In view of high food prices due to the Ukraine war and the escalating climate crisis, researchers and aid organizations are calling for people to eat significantly less meat and dairy products. This is the only way to prevent agriculture from destroying more and more ecosystems and thus increasing climate risks such as extreme weather and crop failures, experts from Misereor, the United Nations and the Potsdam Institute for Climate Impact Research, among others, warned on Thursday.

Fundamental changes in the food systems are necessary, said the director of the UN World Food Program for Germany, Austria and Liechtenstein, Martin Frick. “The number of people suffering from acute hunger has almost tripled in the last three years and stands at 345 million.” Poor and crisis-ridden countries must be helped to develop small-scale, sustainable and independent agriculture.

Large proportion of grain fed to animals

In many parts of the world, crop failures are to be expected due to drought, many forest fires and other climate damage, experts warned.

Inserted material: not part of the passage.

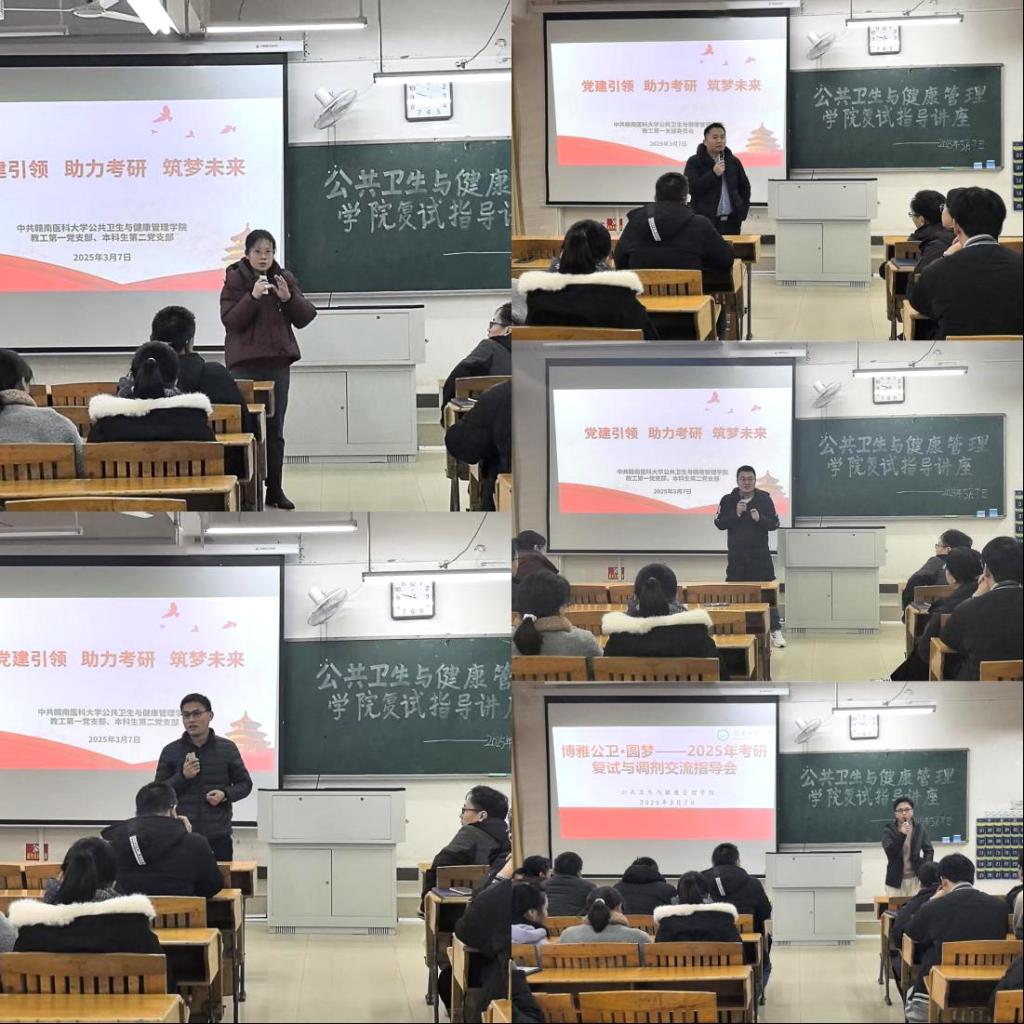 3月7日上午,公共卫生与健康管理学院举办考研复试与调剂交流指导会。学院院长黄诚,学院教工第一党支部教师、学工办辅导员及2025届考研复试同学参加会议。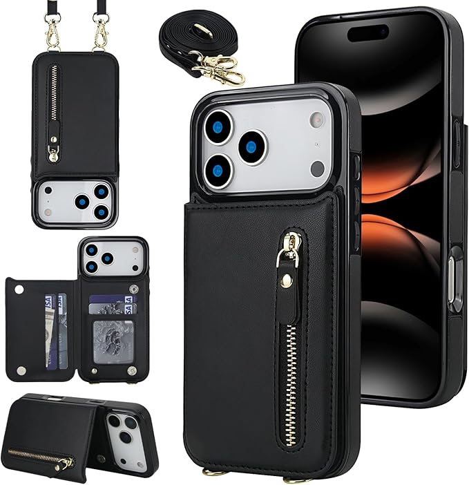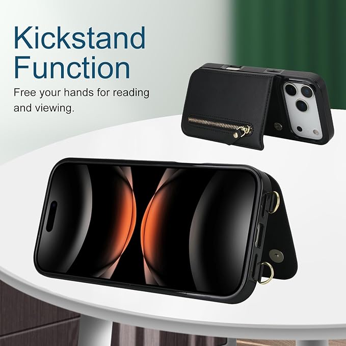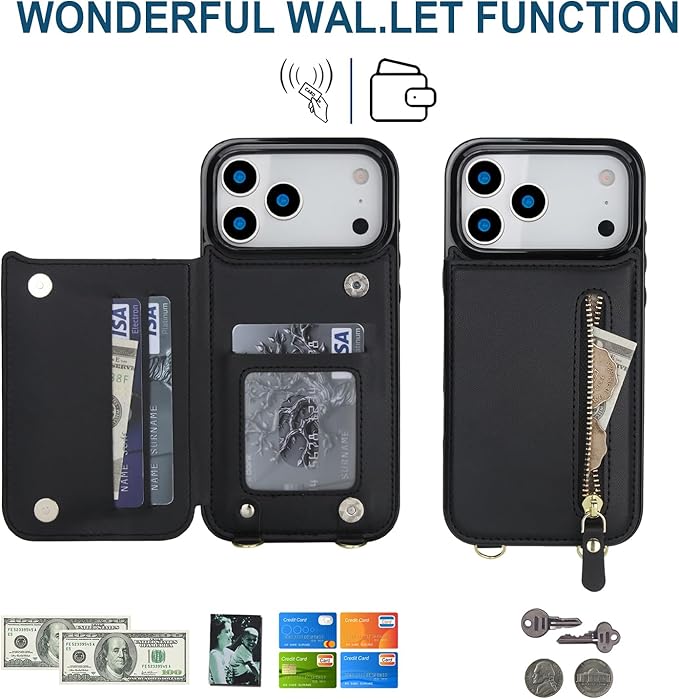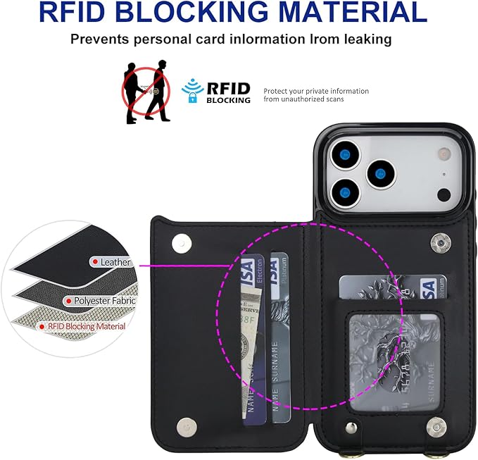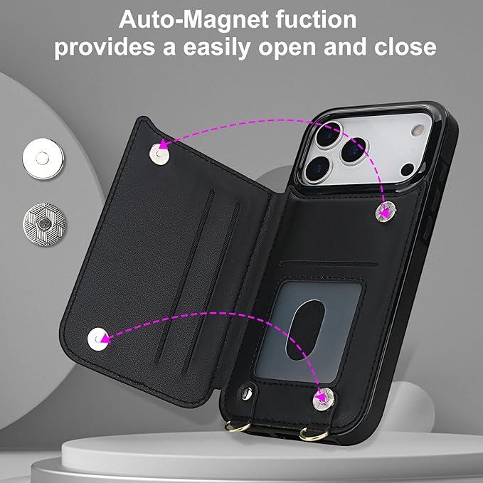 Cavor 適用iPhone17 Pro Max ケース手帳型肩掛け首か 斜めがけ適用iPhone17 Pro Max ケース財布型適用iPhone17 Pro Max ショルダーケース【RFID機能】磁気閉鎖適用iPhone17 Pro Max ケースカード収納【マグネットダブルデザイン】クロスボディ付きの専属ストラップ同梱なので 横置 ICカードホルダー-ブラック

Nevertheless, more than half of the grain harvested in Germany is fed to animals. Plants for biofuels grow on a good 6.5 percent of the arable land. “The production of these areas must now be used as food for people,” they demanded.

The vice president of the German Society for Nutritional Medicine, Anja Bosy-Westphal, said a lower consumption of animal and highly processed foods is also healthier. “A sustainable, more plant-based diet must become the most attractive, cheapest and easiest alternative.”

The agricultural expert and chairman of the Misereor Advisory Board, Felix Prinz zu Löwenstein, said that the high grain prices could be reduced in the short term if pig fattening in Europe and thus the high demand for animal feed were curbed quickly and effectively for a limited period – with compensation for the affected companies.

They called on politicians to quickly levy “incentive taxes” – but in connection with relief packages “so that food prices reflect the true costs, but poorer households are not additionally burdened”.